Operazioni intracomunitarie

Operazioni attive o passive che vengono effettuate da due soggetti dei quali, almeno uno risiede in un altro Stato dell’Unione Europea.

Il soggetto che venda un bene o presti un servizio ad un altro soggetto facente parte dell’Unione Europea non deve applicare l’IVA in fattura, ma al contrario, il soggetto che acquista un bene da un altro soggetto di uno stato UE è tenuto ad inserire l’IVA, integrandola alla fattura ricevuta.

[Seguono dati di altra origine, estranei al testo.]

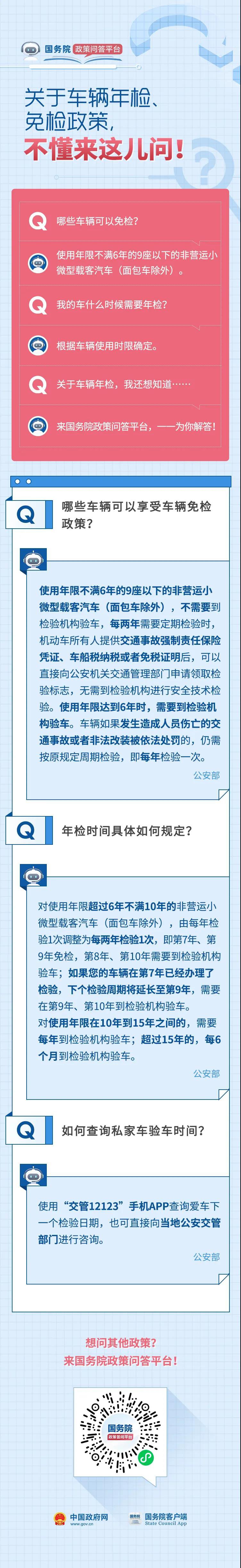 在下图中,我们可以看到,哪些车辆可以享受车辆免检的政策?年检的时间是如何规定的?去哪里查询私家车验车时间?

Con il cosiddetto meccanismo del reverse charge, l’IVA viene caricata sia sul registro degli acquisti, che sul registro delle vendite, portando a zero l’impatto dell’operazione.

Tutte le operazioni intracomunitarie effettuate da una determinata impresa devono essere inserite in uno specifico modello, denominato “Intrastat” che successivamente sarà trasmesso all’Agenzia delle dogane, la quale svolgerà gli appositi controlli ed accertamenti.

I requisiti affinché si possa considerare intracomunitaria un’operazione tra due imprese di nazionalità diverse sono i seguenti:

  • requisito oggettivo, la transazione deve essere a titolo oneroso (deve essere presente una prestazione economica da parte di una delle parti);
  • requisito soggettivo, ciascun soggetto deve essere titolare di un codice IVA valido ed attivo al momento del compimento dell’atto, ovvero tutti i soggetti coinvolti devono essere soggetti passivi IVA;
  • requisito territoriale, se il trasferimento di un bene o la prestazione di un servizio avviene da un Paese membro della Comunità Europea, verso un altro paese anch’esso membro.